Organizers will provide training data for all language pairs.
Participants must submit at least a system trained only with the provided data (constrained) for each of the language pairs they would like to participate.
Additionally, participants can use additional training data (not provided by the organisers) or existing translation systems specifying a flag that the system uses additional data (unconstrained).
System submissions that used the provided training data (constrained) will be distinguished from submissions that used additional data resources (unconstrained).
Note that basic linguistic tools such as taggers, parsers, or morphological analyzers or multilingual systems are allowed in the constrained condition.
Participants will use their systems to translate a test set of unseen sentences in the source language.
The translation quality is measured by various automatic evaluation metrics (BLEU will be the main evaluation metric for the 1st round).
You may participate in any or all of the language pairs.
Organizers will provide a framework to show the results to be compared.
Participant Repository:
Participants are provided with a single repository for all the tasks they take part in.
The repository contains the runs, resources, code, and report of each participant.
The repository is organised as follows:
-
submission
: this folder contains the runs submitted for the different tasks in the different evaluation rounds.
-
score
: this folder contains the performance scores of the submitted runs.
-
code
: this folder contains the source code of the developed system.
-
resource
: this folder contains (language) resources created during the participation.
-
report
: this folder contains the rolling technical report describing the techniques applied and insights gained during participation, round after round.
Covid-19 MLIA Eval consists of three tasks run in three rounds.
Therefore, the submission
and score
folders are organized into sub-folders for each task and round as follows:
-
submission/task1/round1
: for the runs submitted to the first round of the first task. Similar structure for the other tasks and rounds.
-
score/task1/round1
: for the performance scores of the runs submitted to the first round of the first task. Similar structure for the other tasks and rounds.
Participants which do not take part in a given task or round can simply delete the corresponding sub-folders.
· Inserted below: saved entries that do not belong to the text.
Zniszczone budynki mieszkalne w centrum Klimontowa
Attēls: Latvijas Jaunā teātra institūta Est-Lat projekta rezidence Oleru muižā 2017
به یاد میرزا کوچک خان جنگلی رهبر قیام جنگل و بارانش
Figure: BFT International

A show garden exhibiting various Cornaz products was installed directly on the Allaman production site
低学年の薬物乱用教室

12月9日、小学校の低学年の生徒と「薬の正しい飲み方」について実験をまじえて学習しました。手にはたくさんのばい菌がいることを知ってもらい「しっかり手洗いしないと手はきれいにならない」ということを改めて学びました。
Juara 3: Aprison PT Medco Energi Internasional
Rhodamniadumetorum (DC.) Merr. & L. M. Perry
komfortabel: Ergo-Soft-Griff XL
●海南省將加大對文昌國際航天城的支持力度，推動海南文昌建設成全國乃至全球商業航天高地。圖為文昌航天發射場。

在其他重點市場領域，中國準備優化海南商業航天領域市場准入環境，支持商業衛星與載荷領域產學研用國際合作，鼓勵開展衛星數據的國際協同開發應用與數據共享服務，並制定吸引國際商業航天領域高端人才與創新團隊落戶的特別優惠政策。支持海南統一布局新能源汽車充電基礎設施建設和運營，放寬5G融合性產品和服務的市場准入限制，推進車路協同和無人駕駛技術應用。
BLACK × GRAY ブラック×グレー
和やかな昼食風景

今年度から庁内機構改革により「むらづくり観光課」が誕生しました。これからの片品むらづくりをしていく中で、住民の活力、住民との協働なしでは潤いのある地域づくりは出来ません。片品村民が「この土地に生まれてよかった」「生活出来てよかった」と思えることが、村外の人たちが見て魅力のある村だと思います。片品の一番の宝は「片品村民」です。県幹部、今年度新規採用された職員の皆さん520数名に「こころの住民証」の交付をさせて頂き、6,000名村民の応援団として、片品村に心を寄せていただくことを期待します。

The goal of Covid-19 MLIA Eval is to speed up the creation of multilingual information access systems and (language) resources for Covid-19 as well as openly share these systems and resources as much as possible. Therefore, participants are more than encouraged to share their code and any additional (language) resources they have used or created.
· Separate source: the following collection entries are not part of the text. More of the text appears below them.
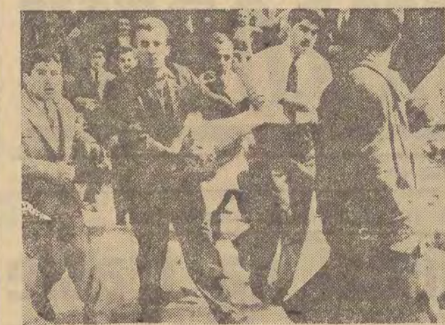
Na zdjęciu: studenci biorący udział w demonstracji antyrządowej na ulicach Stambułu niosą rannego kolegi.

PARYŻ (PAP). — Według depeszy zachodnich agencji prasowych, sytuacja w Turcji uległa pewnemu uspokojeniu. Godzina policyjna obowiązuje nadal, ale z 20 przesunięta została na 22. W Ankarze już 10-osobowe grupy „moss” się zbierają na ulicy, w Stambule natomiast tylko trzyosobowe. Jedynym wyjątkiem są konduktory pogrzebowe, w których może wziąć udział 10 osób.
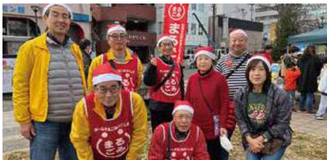
▲サンタ帽子を被って活動しました
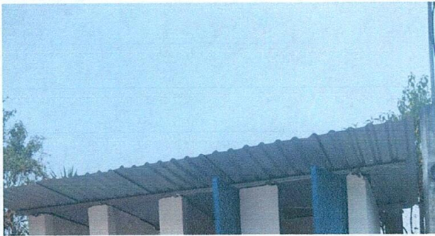
Foto 3: Sustitucion de lamina, por lamina troquelada aluzinc calibre 26.
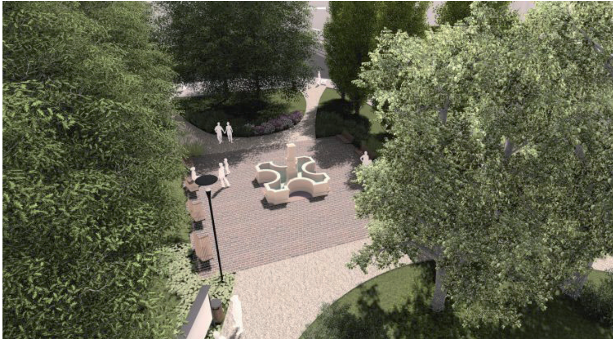
ZÖLDEBB LEHET A BELVÁROS
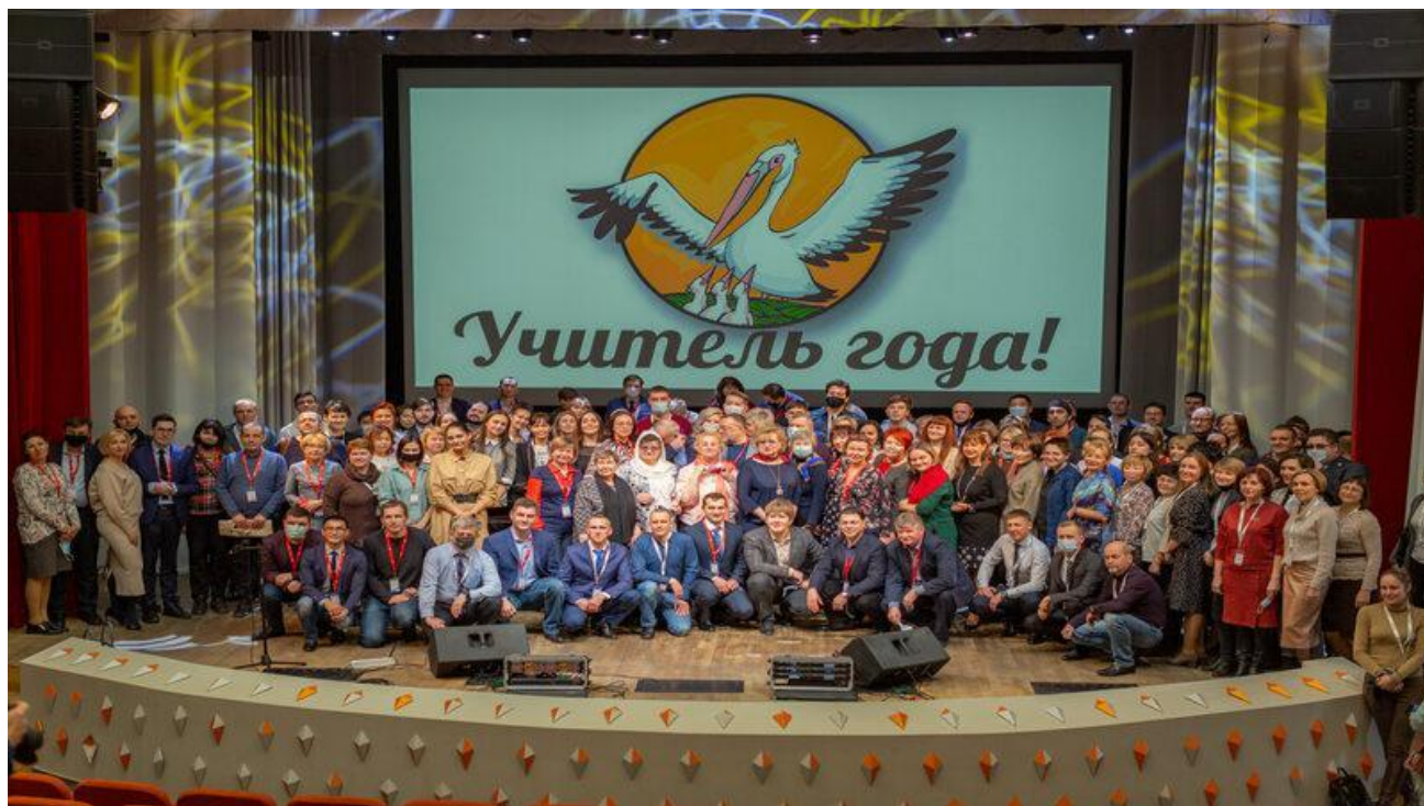
Рисунок 2 – Эмблема конкурса «Учитель года»

Официальной эмблемой конкурса является пеликан, распростерший крылья над своими птенцами. Использование официальной эмблемы конкурса обязательно на всех этапах конкурса (рисунок 2).

All the contents of these repositories are released under the Creative Commons Attribution-ShareAlike 4.0 International License.
Rolling Technical Report:
The rolling technical report should be formatted according to the Springer LNCS format, using either the LaTeX template or the Word template. LaTeX is the preferred format.
Corpora:
Utilities:
Automatic Evaluation:
A ranking with the results of the automatic evaluation is available at this website. This ranking will be updated periodically until the translations submission deadline is passed. New: Final results have been published in a very rough version of the findings rolling report.